A Place to Fly   
Monday | February 2, 2004 | at 12:57 PM
Crawling Around in the Dark

All morning I've had this memory floating around in the top of my mind. I remember sitting in class at ECI on a spring afternoon with my jeans absolutely filthy from the knees down. I didn't care. I had a secret that only my little group of friends knew. I had gone on an adventure with Ro over lunch and 3rd period through the nearby storm drain in bare feet and my poor jeans.

We called it Sewering and the 4 of us loved it. We'd find hidden entrances to this cool, dark and quiet world below and disappear for hours. I remember a few big drains and many short ones. My aching back, ruined shoes, soaked clothes -- the things that didn't matter because we were doing something different and unknown to the people around us. We'd be out driving or biking around and come across a likely spot and more often than not we'd poke and explore.
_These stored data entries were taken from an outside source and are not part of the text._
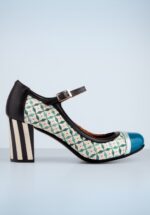 ”Life isn’t perfect, but your shoes can be!” Deze pumps in Mary Jane stijl zijn uitgevoerd in een combinatie van zwart leder, blauw lakleder en een gedeelte in crème met een grafisch printje. Maar de echte eyecatcher is toch wel de hoge blokhak in hout-look voorzien van opvallende zwart/witte strepen. * Mary Jane stijl * Verstelbaar enkelbandje * Echt leder/lakleder * Rond neusje * Stevige, hoge blokhak * Comfortabel voetbed van leder * Anti-slip zool * Deze kleurcombinatie is speciaal ontworpen voor Topvintage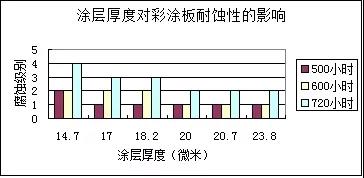 從微觀上講、涂層是多空的組織??諝庵械乃⒏g介質(zhì)(氯離子等)就會(huì)通過(guò)涂層的薄弱部分侵入,造成膜下腐蝕,進(jìn)而涂層起泡并剝落。另外,即使同樣涂層厚度,二次涂層要比一次涂層致密。根據(jù)國(guó)外報(bào)道和相關(guān)腐蝕試驗(yàn)結(jié)果,正面涂層20μm以上才能有效的防止腐蝕介質(zhì)的侵入,由于底漆和面漆的防腐蝕機(jī)理不同,不僅要規(guī)定總膜厚,還有分別要求底漆(》5μm)和面漆(》15μm)的厚度,只有這樣,才能保證彩涂鋼板不同部位的耐蝕性是均衡的。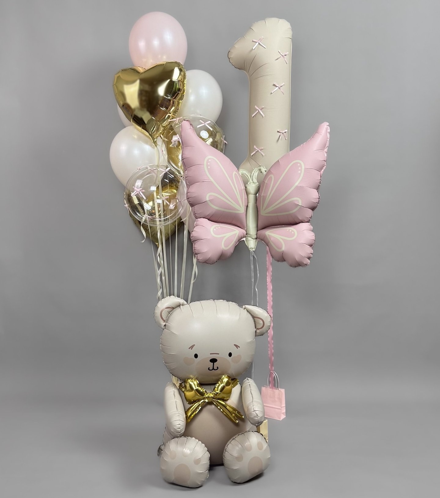 - Фольгированная цифра с бантиками, 102 см — 1 шт., цена — 1400.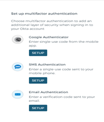 The multifactor authentication options available include: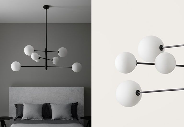 Подвесной светильник из матовой латуни или черной стали с абажурами из непрозрачных или прозрачных стеклянных шариков. Светильники можно перемещать парами, чтобы вы могли решить, какое положение вам больше нравится.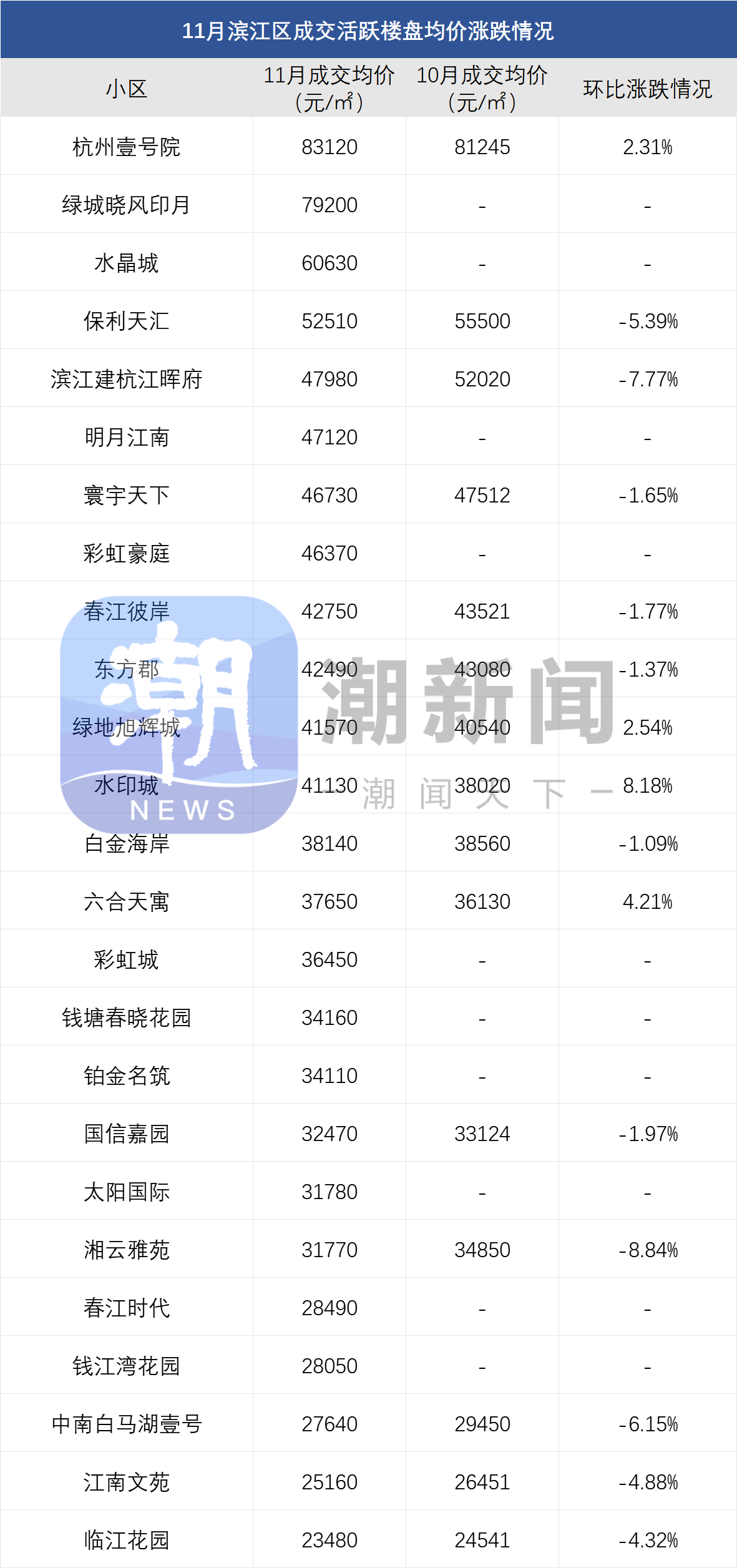 最新杭州二手房价涨跌榜:低总价房源撑起年底“翘尾”行情,最低7410元/㎡
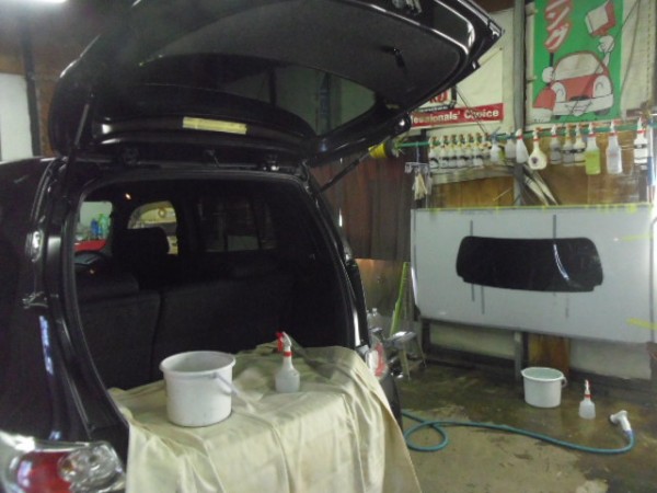 リアハッチから作業開始です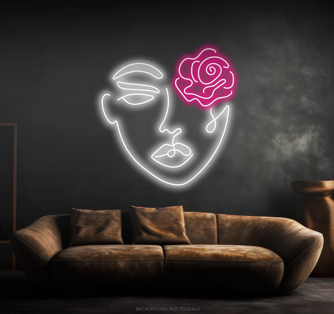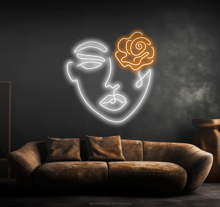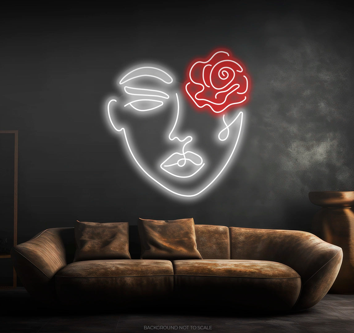 Graceful Neon Glow: Our LED neon sign beautifully captures the elegance of a woman's silhouette and the softness of a rose, while harnessing the energy-efficient and long-lasting benefits of modern LED technology. Immerse yourself in its captivating radiance that instantly transforms your space into a haven of beauty.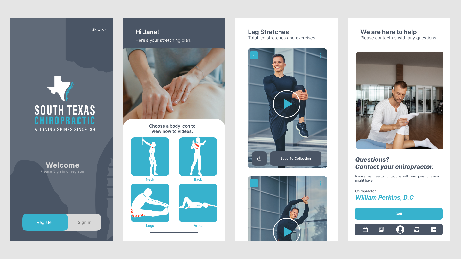 Logo creation branding was established. Doctors wanted an app to provide clients their recommendations for stretching exercises tailored to the customers specific needs. Once the customer logs in or creates an account they are able to view their recommendations from their chiropractor and contact the office with any questions. Doctor will review results on the follow up appointment which can be set up via app.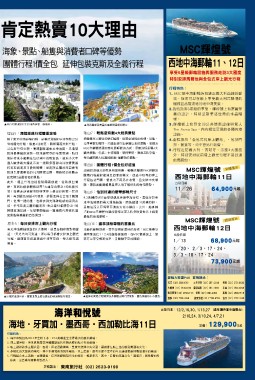 阿瑪菲海岸線,在搭乘郵輪前一覽南義代表性的歷 9.3萬噸的MSC音樂號執航東地中海行程,是航行於東 西地中海郵輪11日
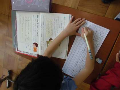 字の間違いを見つけ,正しい文に書き直す学習をしました。「は・を・へ」の使い方だけでなく,1マス空けることやかぎの使い方などにも気をつけて書くことができました。日記の宿題でも,正しい文の書き方を意識して取り組んで欲しいと思います。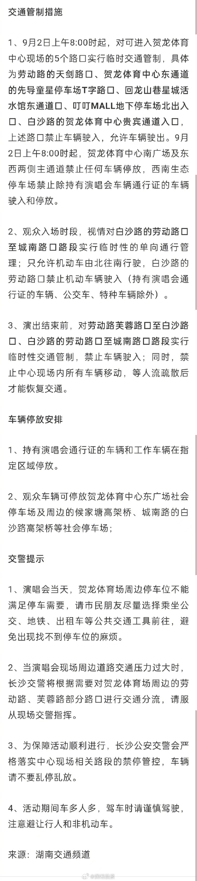 2023年9月2日19:30—22:30时,2023蔡依林巡回演唱会(长沙站)将在贺龙体育中心举行,届时将有3万余名观众到场观看演出。为确保周边道路交通畅通,守护人民群众安全出行,长沙公安交警将采取交通管控措施。

It wasn't just the sewers that we'd explore. We had these places like George's garage, so many barns, ruins, old factories that we would pick our way through. I still have a handful of smoke stained paper that I took from a burned out husk of a factory up north. We were on a camping trip and decided that we had to explore. I think that was the May 24 camping trip to Beaver River... 11 years ago.

I know Ro kept up with the exploring after she moved to Toronto. I wouldn't be surprised if she's doing it still today. I stopped once I got married and depressingly serious. I'm not sure when the boys stopped, if they have. I think they have because there's been no mention of it. I've been tempted over the years to take it up again but I never wanted to go alone. Part of the fun was the exploration with my friends.

I'm not sure what got me looking at Infiltration.org yesterday. Several years ago I read it all and offered to do some write-ups about the KW drains (which I never did, because I'm a damn procrastinator, heh) -- but I forgot about it. Anyway, something reminded me of that ancient promise of mine and my former love of "UE"ing. I started reading the forums, hopping links and now here I am. Wanting to explore again.

Which is damn funny. I've been working on my damn back for months now and I want to go shimmy through drains. I remember how bad my immortal teenage back felt after a trip through a too-short drain, so I don't even have the excuse of forgetfulness. I just don't care. I want to grab the boys and my cameras and just go. I want to have adventures again, I think. I want to go see what a decade has done to "our" drains.

I'm old. I'm broken. I don't give a shit. Hah. I think I need to see if the boys agree with me.